Regardless of what others expected of her, she was determined to pursue the subject she loved. She transferred to Middle East Technical University, where she earned her master’s degree in mathematics. And later, through a NATO scholarship from the Turkish Scientific and Research Council, she had the opportunity to earn a Ph.D. at the University of Michigan. She was one of five women in a class of approximately 100 graduate students, and in the mathematics building, there was no women’s bathroom. “I felt like the expectations were a little bit less of woman Ph.D. students,” Professor Aksoy also admits. “There is a teaching part, and there is a research part. I was encouraged more on the teaching part than on the research part.”
But it was also at the University of Michigan where Professor Aksoy began to learn how to do research—and she loved immersing herself in approximation theory, metric geometry, and fixed-point theory. “Research is exciting because it is a very personal thing,” she explains. “You do research because you have a problem, and you want to know the truth. It feels like you’re in a maze, you’re going off the road, and then you come back to the main road. If you are able to make a connection, that is extremely enjoyable.” She also loved navigating these mazes with others, as she pored over the previous work of mathematicians and collaborated with scholars from all over the world.

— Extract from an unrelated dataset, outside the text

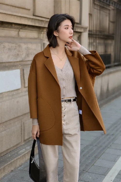 The versatility of the wool coat makes it unlimited possibilities in terms of matching. Want to create intellectual elegance, you can choose a tailored black wool coat, inside the high-necked sweater and tight pants, and then with a pair of pointed heels, instantly enhance the gas field; and want to show the casual side of the casual side of the loose wool coat can be combined with jeans, sneakers, simple but without losing the sense of fashion. In addition, the embellishment of accessories is also the key to enhance the overall look, a delicate scarf, a stylish hat or a small handbag, can add a touch of color to your winter wear.
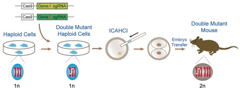 半克隆技术结合CRISPR-Cas9快速制备双/寡基因突变小鼠的流程图

“The contributions of some people in mathematics are like big symphonies,” she says. “And there are others who produce small nocturnes and sonatas. These small sonatas are also very pretty and later may be used in big symphonies. They all contribute. That collective effort in mathematics for the sake of mathematics is beautiful.”
At the University of Michigan, Professor Aksoy discovered that she genuinely enjoyed teaching students as well. “I wanted to make a difference in people’s lives if I could,” she says. “Not necessarily making them mathematicians, but making them understand critical thinking.” She earned a tenure-track job at the nearby Oakland University. After three years, she moved to Claremont, California.
At Claremont McKenna College, she has not only dedicated her past thirty years to further exploring her research interests but also empowering students to dive into the world of mathematics and experience the joys of thinking on their own terms. “If something is worth knowing, and you are going to retain it, then it has to come from your own efforts,” she says. “But that doesn’t mean I cannot guide or show my students the strength and beauty of mathematics.”
And this she does. During every lecture, ranging from topics in multivariable calculus to measure theory, the rhythmic sound of Professor Aksoy’s chalk hitting the board is like music. Students absorb the examples, proofs, and counterexamples—all written with the precision that Professor Aksoy has carried with her since her differential equations course many years ago. Just as she did, her students write, and their minds are working. And as they contemplate the beautiful mathematics that Professor Aksoy guides them towards, they embark on their own journey of owning knowledge and fighting to reserve their right to think.